The best part of trying new ethnic dishes is the unknown.  Most of the time, when we want to recreate a new cuisine, it’s based on a version we’ve had before or at least something close to it.  Of course, there are those times when you don’t have the opportunity to do a taste test, and you run on the idea that if all of the ingredients taste good on their own, there’s no reason why they won’t work well together.  That’s usually all you need to know when you’re cooking.  The rest will fall into place.  There can also be a desire to steer away from ethnic dishes that require what seem like one-time use ingredients. (There’s still a full bottle of pomegranate molasses in the fridge from a late summer recipe, but it will be used again very soon! Just you wait and see.) We like to either choose dishes with ingredients we can use again or with ingredients we already have. It makes the venture much easier.

The time had come again for another dinner party with old coworkers, and the theme was food of East or West Africa.  The continent is a very large one, and food varies from coast to coast and tip to tip.  To that end, the options were plentiful, and there was room to bend the rules and adapt traditional recipes to our own tastes. The main dish chosen is one of the most popular Senegalese meals–poulet yassa–and it fit all of our criteria for an easy ethnic dish to reproduce.

It helps to have no fear in the kitchen because you consistently add great recipes to you repertoire. No wonder poulet yassa is so popular! It’s warm, filling and comforting with a touch of spice and tang. It may seem as though the dish may need a little something sweet in the marinade–perhaps a pinch of brown sugar or a dab of honey–but it needs neither. Although carrots are not used in traditional recipes, they are in ours for natural sweetness and color. This recipe also has less than half the usual number of onions.  The  allspice and ground peanuts were thrown in just for fun. Peanut oil is the main oil used in Senegal, but as we didn’t have it on hand, vegetable oil would have to do. The peanuts add a hint of nutty flavor and also another layer of texture. On the side, there was an easy couscous tossed lightly in a bit of the juice from our Poulet Yassa, and of course, there was a very convenient flatbread to accompany the meal. We’re checking off our list of ethnic fare. What should we try next?

Poulet Yassa – Serves 6 to 8
4 skinless chicken thighs, bone-in
4 skinless chicken legs
2 large yellow onions, sliced
2 cups baby carrots
4 cloves garlic, minced
Zest and juice of 2 lemons
2 cups chicken broth
1 1/2 tablespoons Dijon mustard
1 cup raw peanuts, ground
2 serrano peppers, finely diced
1 tablespoon ground allspice
2 bay leaves
Flour
Kosher salt
Black pepper
Vegetable oil
Fresh parsley, chopped (optional)

1. Season the chicken with allspice, kosher salt and black pepper.
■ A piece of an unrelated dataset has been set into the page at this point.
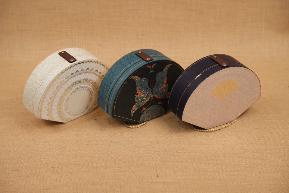 Make your festive gifting stand out with our Shell Round Diwali Hamper Box. Crafted from premium Kappa board with printed patterns, lamination foil, and embossed UV detailing, this unique shell-shaped box is both stylish and functional.
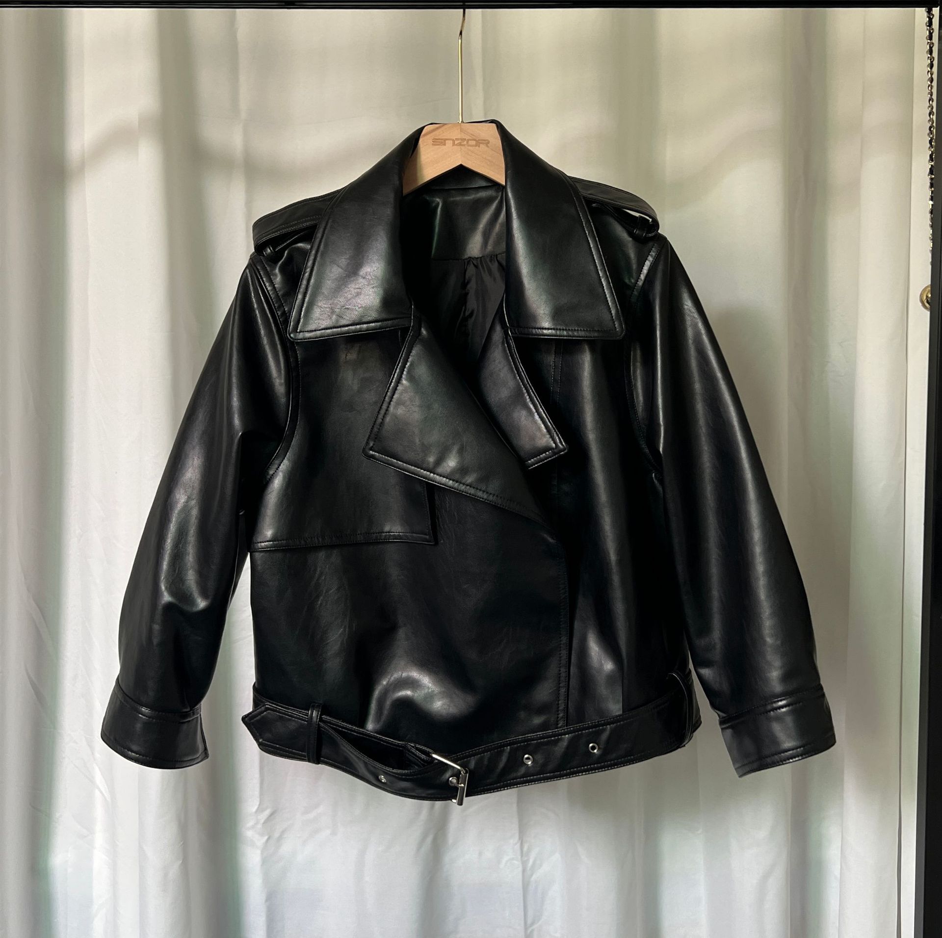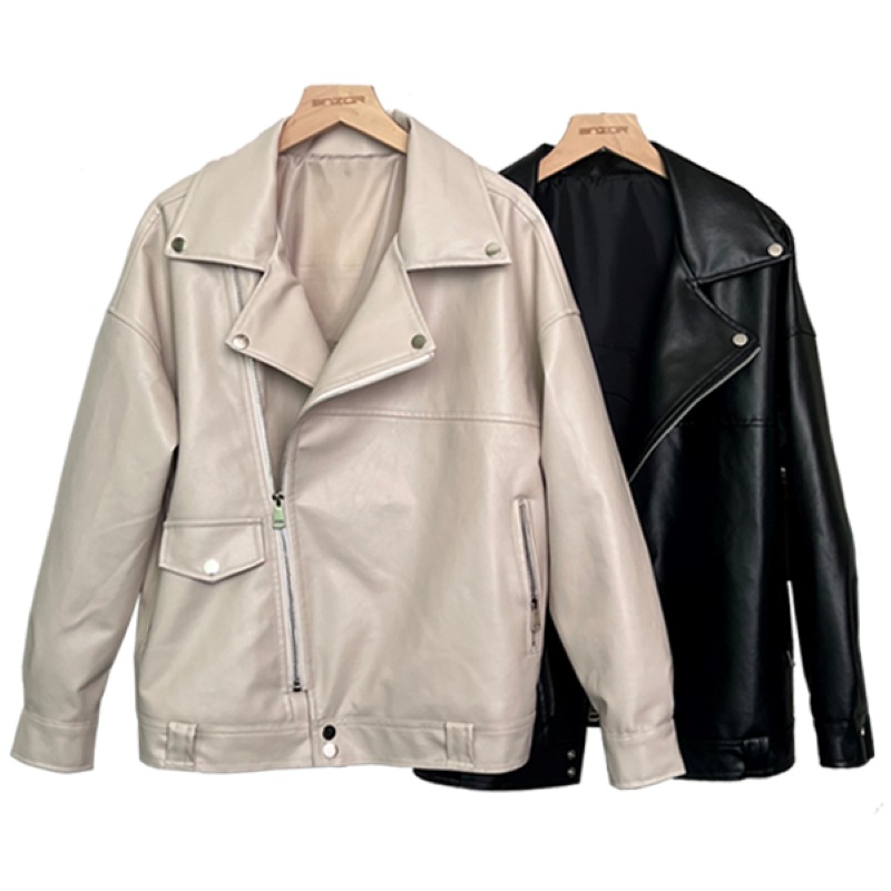 速売通爆金2024春と秋の新型ゆったり版BFスタイル襟pu皮ジャケットゆったり版女性コート

Set in a large bowl or flat dish and cover with mustard, carrots, onions, garlic, lemon juice, zest and serrano pepper. Mix well with your hands to be sure everything is coated. Cover and chill at least 2 hours up to overnight.

2. Remove the chicken from the dish and lay on a flat surface. Sprinkle both sides of the chicken lightly with flour. Drizzle a bit of vegetable oil in a wide, deep pan over medium high heat. When oil is hot, add the chicken pieces to the pan and sear on both sides, approximately 1-2 minutes per side.

3. Once both sides of the chicken have been seared, remove each piece and set on a paper towel or plate. Add the remaining ingredients from the marinating bowl and allow to cook for about 5 minutes, deglazing the bottom of the pan with the marinating liquid. Add the chicken back to the pan.

4. Pour in the chicken broth and half of the peanuts. Reduce heat to low and stir to combine. Cover and cook another 10-12 minutes, then add the last of the peanuts. Continue cooking on a low simmer until chicken is tender and has finished cooking, approximately 10-12 minutes. Sprinkle with fresh parsley before serving. Salt to taste if desired.

Raisin and Almond Couscous – Serves 6 to 8
1 1/2 cups plain couscous
1/3 cup raisins, chopped
1/3 cup slivered almonds, toasted
Zest of 1 orange
1/8 cup Poulet Yassa juice
3 tablespoons fresh parsley, minced

Cook couscous according to package directions. Toss with raisins, almonds, orange zest, parsley and stew juice just before serving.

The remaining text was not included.